→ **TASK**
Leaving the pictures out, transcribe the records below exactly.

→ **AVAILABLE RECORDS**
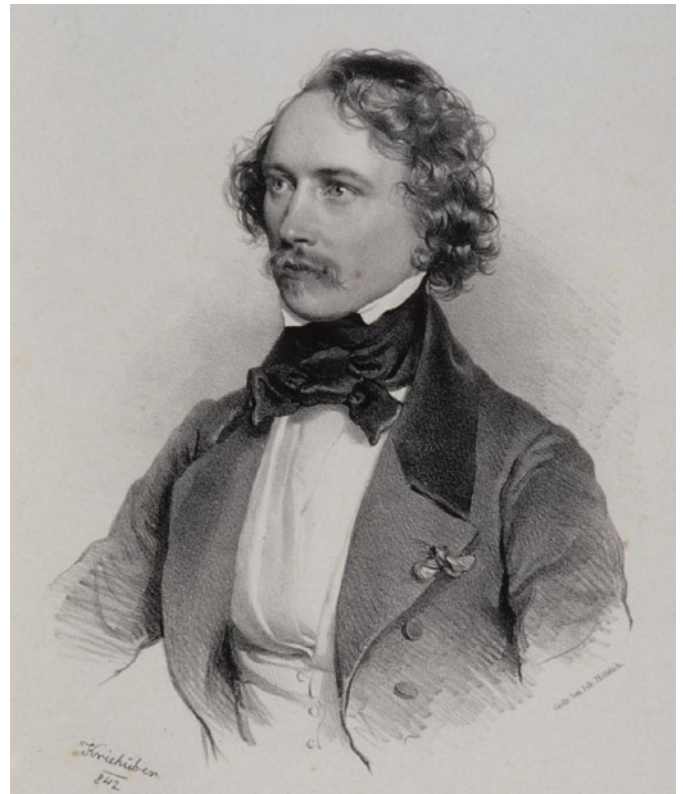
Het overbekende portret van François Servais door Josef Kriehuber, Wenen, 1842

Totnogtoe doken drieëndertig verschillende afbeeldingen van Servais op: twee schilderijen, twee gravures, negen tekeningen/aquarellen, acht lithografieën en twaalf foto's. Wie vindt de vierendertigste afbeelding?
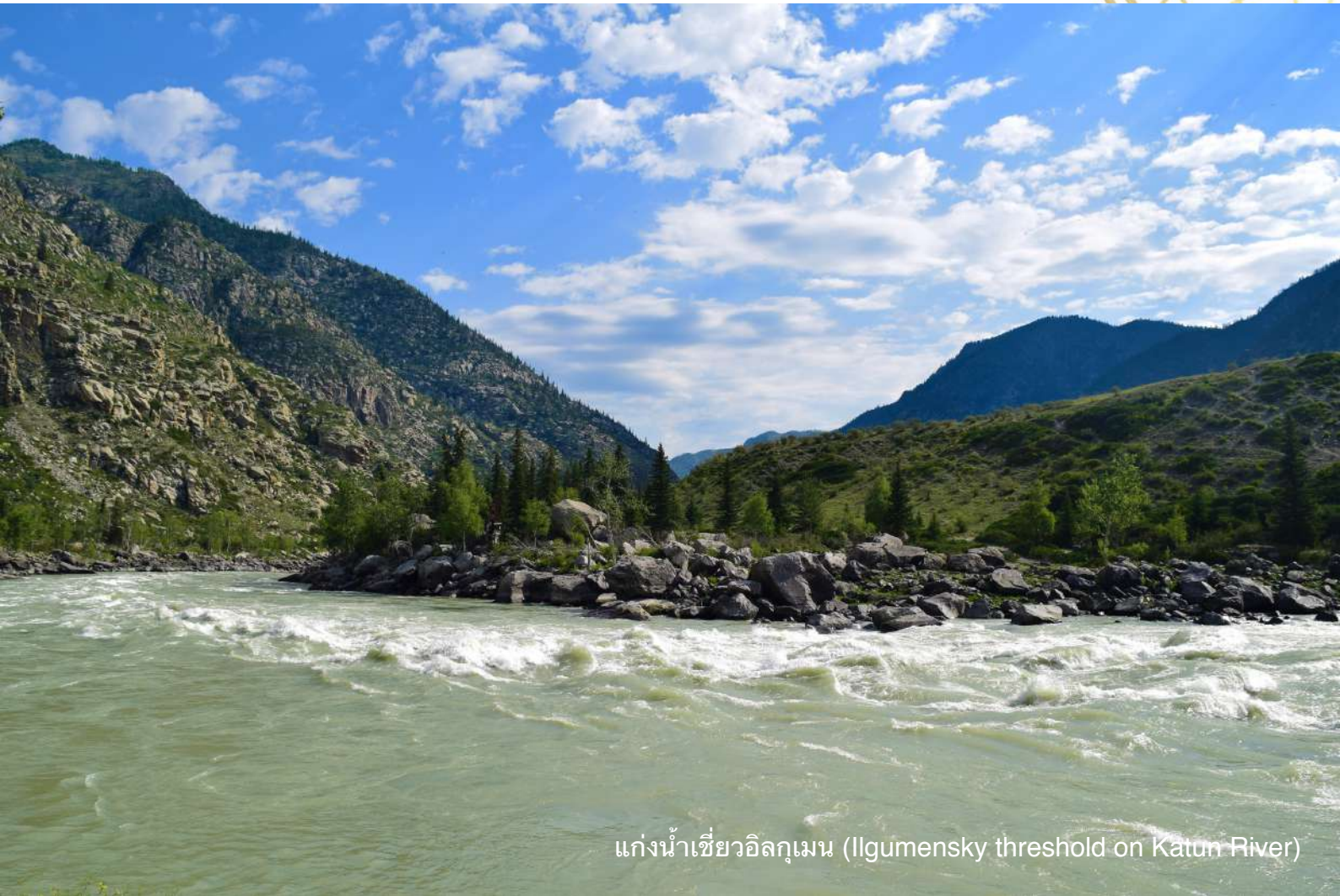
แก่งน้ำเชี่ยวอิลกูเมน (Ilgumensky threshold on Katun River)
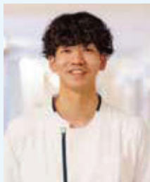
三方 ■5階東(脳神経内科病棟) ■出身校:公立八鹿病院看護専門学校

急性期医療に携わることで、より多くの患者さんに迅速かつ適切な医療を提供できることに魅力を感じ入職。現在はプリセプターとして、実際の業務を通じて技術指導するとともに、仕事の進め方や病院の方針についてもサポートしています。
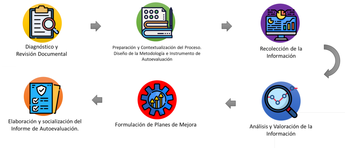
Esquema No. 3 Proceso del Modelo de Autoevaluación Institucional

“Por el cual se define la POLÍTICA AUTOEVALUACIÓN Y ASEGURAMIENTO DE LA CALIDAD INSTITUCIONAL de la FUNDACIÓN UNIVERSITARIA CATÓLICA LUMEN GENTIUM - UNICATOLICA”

→ **REPLY TO THE EXERCISE**
Het overbekende portret van François Servais door Josef Kriehuber, Wenen, 1842

Totnogtoe doken drieëndertig verschillende afbeeldingen van Servais op: twee schilderijen, twee gravures, negen tekeningen/aquarellen, acht lithografieën en twaalf foto's. Wie vindt de vierendertigste afbeelding?
แก่งน้ำเชี่ยวอิลกูเมน (Ilgumensky threshold on Katun River)
三方 ■5階東(脳神経内科病棟) ■出身校:公立八鹿病院看護専門学校

急性期医療に携わることで、より多くの患者さんに迅速かつ適切な医療を提供できることに魅力を感じ入職。現在はプリセプターとして、実際の業務を通じて技術指導するとともに、仕事の進め方や病院の方針についてもサポートしています。
Esquema No. 3 Proceso del Modelo de Autoevaluación Institucional

“Por el cual se define la POLÍTICA AUTOEVALUACIÓN Y ASEGURAMIENTO DE LA CALIDAD INSTITUCIONAL de la FUNDACIÓN UNIVERSITARIA CATÓLICA LUMEN GENTIUM - UNICATOLICA”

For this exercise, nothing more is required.